The other part of Commander – The Great War that had potential but ultimately fell on its face was the Diplomacy portion of the game. There is no real use for this in the game because everything, other than winning or losing the war, follows a historical timeline. There is no way to entice countries to not attack you, or to even ally themselves with you. This can be good in that there won’t be any surprises, but this also puts limits on the game in that you will never be able to explore other options for this period in history. While many people (myself included) play this type of game because we find this period in history interesting, we would also like to have the choice to play the game outside of the strict constraints of a historical timeline.
Commander – The Great War offers something that all great games offer – a strategy game that is easy to pick up and play, but difficult to master. You can jump right in and figure out what you are doing without the need to dig through an ultra detailed manual beforehand. On the flip side, to prevent from getting thoroughly trounced, you will need to become familiar with the finer points of the game, and yes there is a manual to help you with this.

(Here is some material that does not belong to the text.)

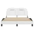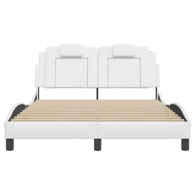 Zagotovite si boljši spanec s tem posteljnim okvirjem z vzglavjem! Je prijeten dodatek za vsako spalnico. Trpežno umetno usnje: Vrhunsko umetno usnje je zelo vzdržljiv material. Je odporno na madeže, zato ga lahko preprosto čistite z vlažno krpo. Gladka površina mu prav tako daje razkošen videz in lepoto pravega usnja.Letvice iz vezanega lesa: Letvice iz vezanega lesa omogočajo dobro porazdelitev teže in zagotavljajo, da vzmetnica ostane na mestu ob vsakem zasuku in obračanju med spanjem.Odlična podpora: Vzglavna stranica je napolnjena s peno za izjemno mehkobo in optimalno udobje ter zagotavlja odlično podporo hrbtu, ko sedite v postelji in berete ali gledate televizijo.Valovita stranica: Valoviti videz posteljnega okvirja je eleganten in prefinjen. Dekorju v vašem domu dodaja sodoben in eleganten pridih ter tako postane osrednja točka spalnice. Dobro je vedeti:Vzmetnica ni priložena tej postelji. Ponujamo različno izbiro ležišč. V naši trgovini si lahko ogledate ustrezne vzmetnice.Posteljni okvir z vzglavjem:Barva: BelaMaterial: Umetno usnje (75 % polivinilklorid, 5 % bombaž, 20 % poliester), kovina, trdna borovina, vezan lesCelotne dimenzije: 218 x 125 x 74,5 cm (D x Š x V)Velikost primerne vzmetnice: 120 x 200 cm (Š x D) (vzmetnica ni priložena)Oblazinjeno vzglavje:Barva: BelaMaterial: Umetno usnje (75 % polivinilklorid, 5 % bombaž, 20 % poliester)Material polnila: PenaDimenzije: 120 x 15 x 49 cm (D x Š x V)Primerna širina vzmetnice: 120 cmPotrebno sestavljanje: DaPaket vsebuje:1 x Posteljni okvir z vzglavjem1 x Oblazinjeno vzglavje

The fact is, I found Commander – The Great War to be a fun and considerably challenging game. I enjoy a good turn based strategy game even though they are not my forte. With Commander, I found myself drawn to this one to the point where I would want to play “just a few more turns” to see if I could further my cause in the Great War. Even after getting beat up by the AI, I would start a new game to see if I could improve upon my mistakes. I think that aspect alone says something for a game like this – to be beaten, but still want to play. To summarize my summary, if you are a fan of strategy games, I believe this is one that must not be passed up on. Play it, learn it, then dominate in Commander – The Great War!